Task instructions: Please repeat, exactly and without pictures, the lines of the entries below that run from the one containing "拍品敞口,弧腹,圈足。以青花" through the one containing "Gerber Gerber Baby".

Records from a data source:
....................
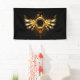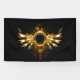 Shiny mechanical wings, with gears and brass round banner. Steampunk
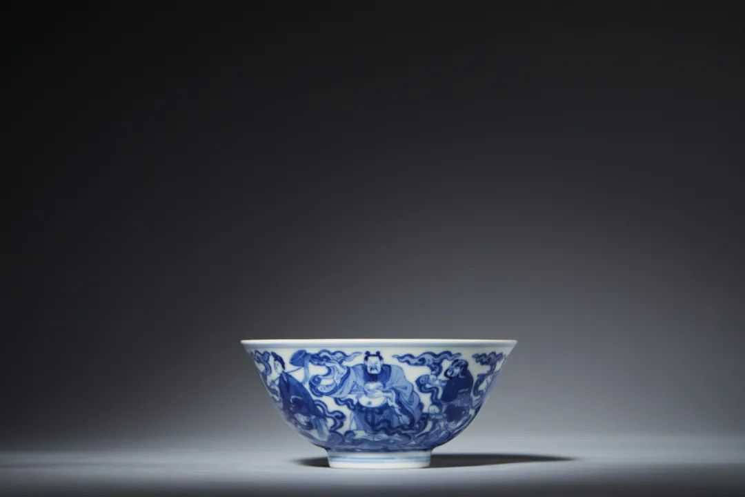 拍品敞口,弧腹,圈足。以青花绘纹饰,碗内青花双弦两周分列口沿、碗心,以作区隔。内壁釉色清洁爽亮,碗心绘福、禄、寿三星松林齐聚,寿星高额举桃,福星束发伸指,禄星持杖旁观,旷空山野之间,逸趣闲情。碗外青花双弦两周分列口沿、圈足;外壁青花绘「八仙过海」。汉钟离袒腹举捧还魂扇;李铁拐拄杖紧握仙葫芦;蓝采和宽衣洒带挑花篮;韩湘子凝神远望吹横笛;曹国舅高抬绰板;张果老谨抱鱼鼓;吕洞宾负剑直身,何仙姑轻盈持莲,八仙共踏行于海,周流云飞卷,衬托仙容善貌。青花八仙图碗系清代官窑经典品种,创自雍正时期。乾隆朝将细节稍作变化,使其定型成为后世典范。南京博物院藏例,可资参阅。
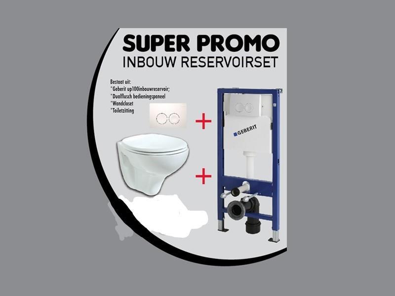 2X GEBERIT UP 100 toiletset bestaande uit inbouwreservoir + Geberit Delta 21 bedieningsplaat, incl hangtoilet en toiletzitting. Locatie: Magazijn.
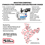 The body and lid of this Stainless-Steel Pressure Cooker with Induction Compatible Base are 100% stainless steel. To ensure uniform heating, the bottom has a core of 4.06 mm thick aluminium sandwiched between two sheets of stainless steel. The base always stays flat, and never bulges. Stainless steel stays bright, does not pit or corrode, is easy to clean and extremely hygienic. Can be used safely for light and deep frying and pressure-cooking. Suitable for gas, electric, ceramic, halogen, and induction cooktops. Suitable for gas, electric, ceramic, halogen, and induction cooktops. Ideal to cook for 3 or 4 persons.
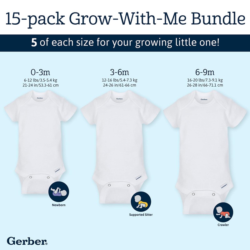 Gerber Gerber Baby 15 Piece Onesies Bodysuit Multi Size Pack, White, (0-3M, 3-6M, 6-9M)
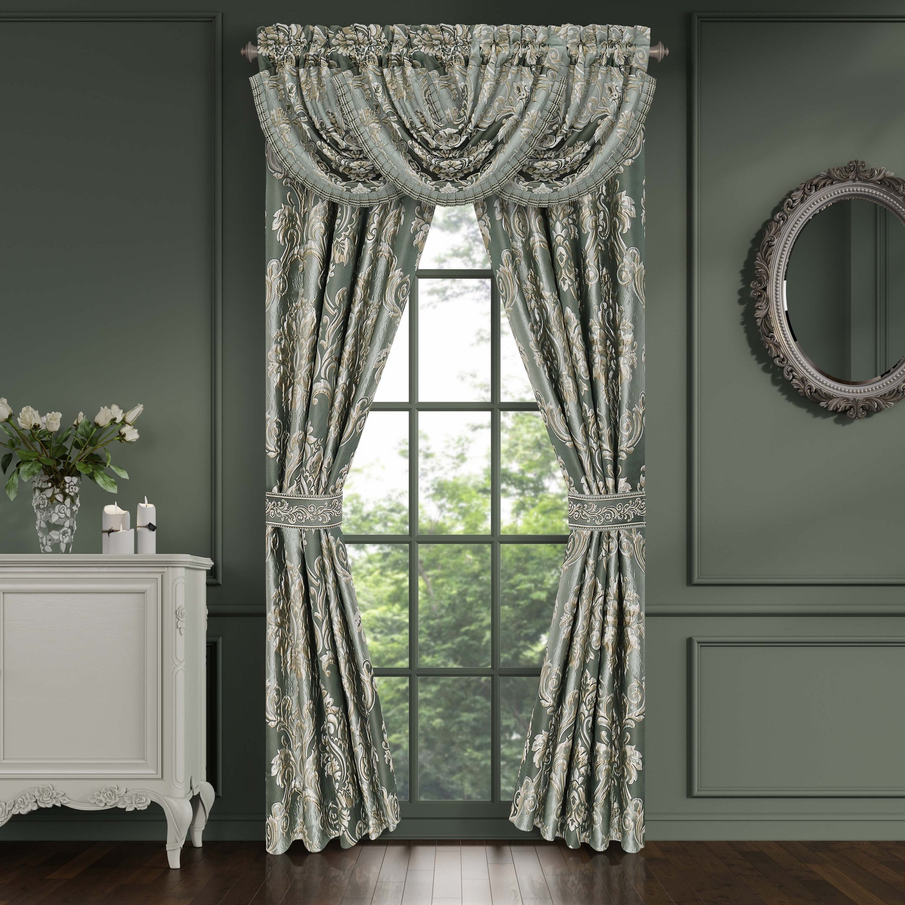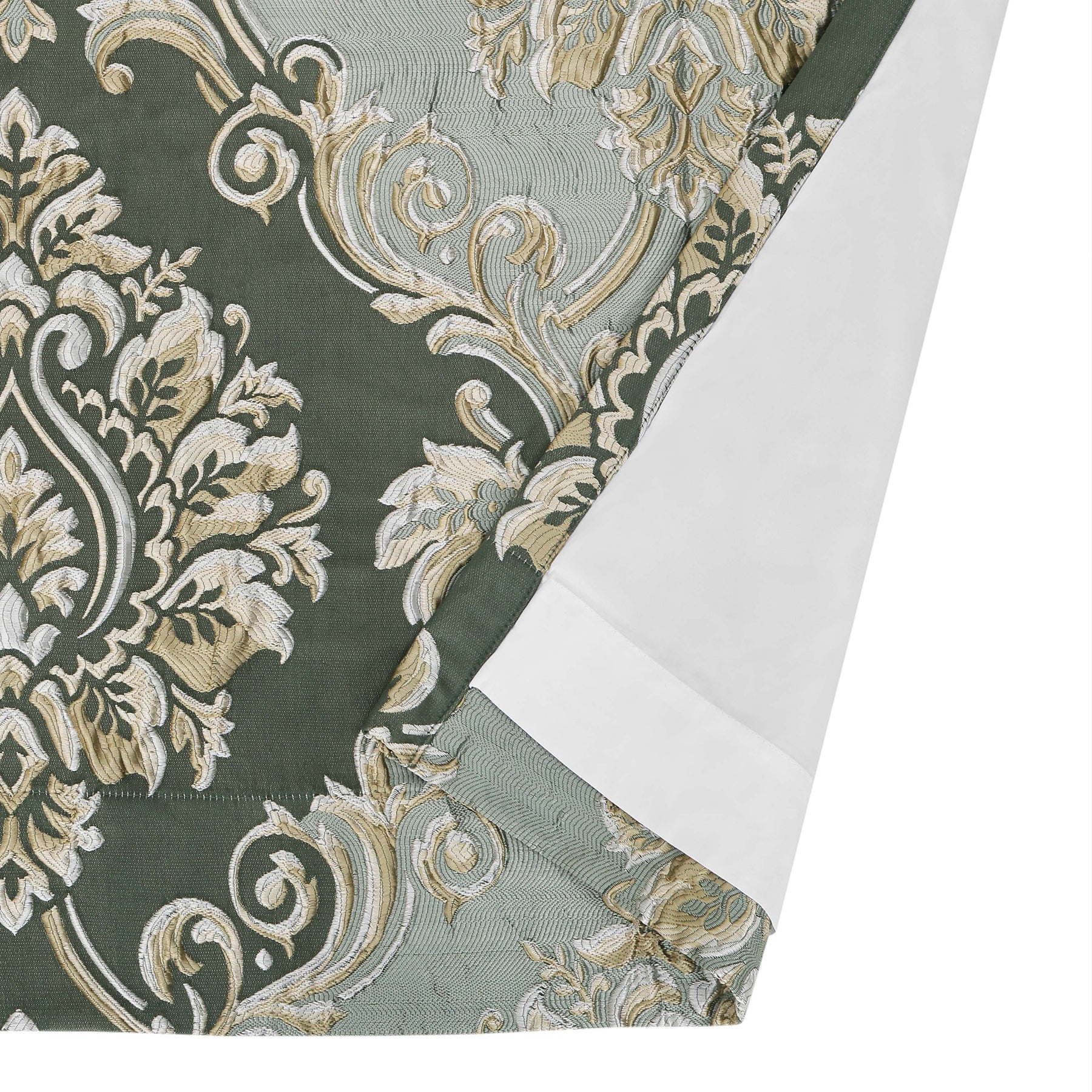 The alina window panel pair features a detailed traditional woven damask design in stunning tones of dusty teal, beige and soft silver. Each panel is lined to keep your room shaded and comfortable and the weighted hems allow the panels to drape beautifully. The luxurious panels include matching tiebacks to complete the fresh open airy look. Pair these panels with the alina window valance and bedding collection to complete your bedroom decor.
....................
Completed exercise:
 拍品敞口,弧腹,圈足。以青花绘纹饰,碗内青花双弦两周分列口沿、碗心,以作区隔。内壁釉色清洁爽亮,碗心绘福、禄、寿三星松林齐聚,寿星高额举桃,福星束发伸指,禄星持杖旁观,旷空山野之间,逸趣闲情。碗外青花双弦两周分列口沿、圈足;外壁青花绘「八仙过海」。汉钟离袒腹举捧还魂扇;李铁拐拄杖紧握仙葫芦;蓝采和宽衣洒带挑花篮;韩湘子凝神远望吹横笛;曹国舅高抬绰板;张果老谨抱鱼鼓;吕洞宾负剑直身,何仙姑轻盈持莲,八仙共踏行于海,周流云飞卷,衬托仙容善貌。青花八仙图碗系清代官窑经典品种,创自雍正时期。乾隆朝将细节稍作变化,使其定型成为后世典范。南京博物院藏例,可资参阅。
 2X GEBERIT UP 100 toiletset bestaande uit inbouwreservoir + Geberit Delta 21 bedieningsplaat, incl hangtoilet en toiletzitting. Locatie: Magazijn.
 The body and lid of this Stainless-Steel Pressure Cooker with Induction Compatible Base are 100% stainless steel. To ensure uniform heating, the bottom has a core of 4.06 mm thick aluminium sandwiched between two sheets of stainless steel. The base always stays flat, and never bulges. Stainless steel stays bright, does not pit or corrode, is easy to clean and extremely hygienic. Can be used safely for light and deep frying and pressure-cooking. Suitable for gas, electric, ceramic, halogen, and induction cooktops. Suitable for gas, electric, ceramic, halogen, and induction cooktops. Ideal to cook for 3 or 4 persons.
 Gerber Gerber Baby 15 Piece Onesies Bodysuit Multi Size Pack, White, (0-3M, 3-6M, 6-9M)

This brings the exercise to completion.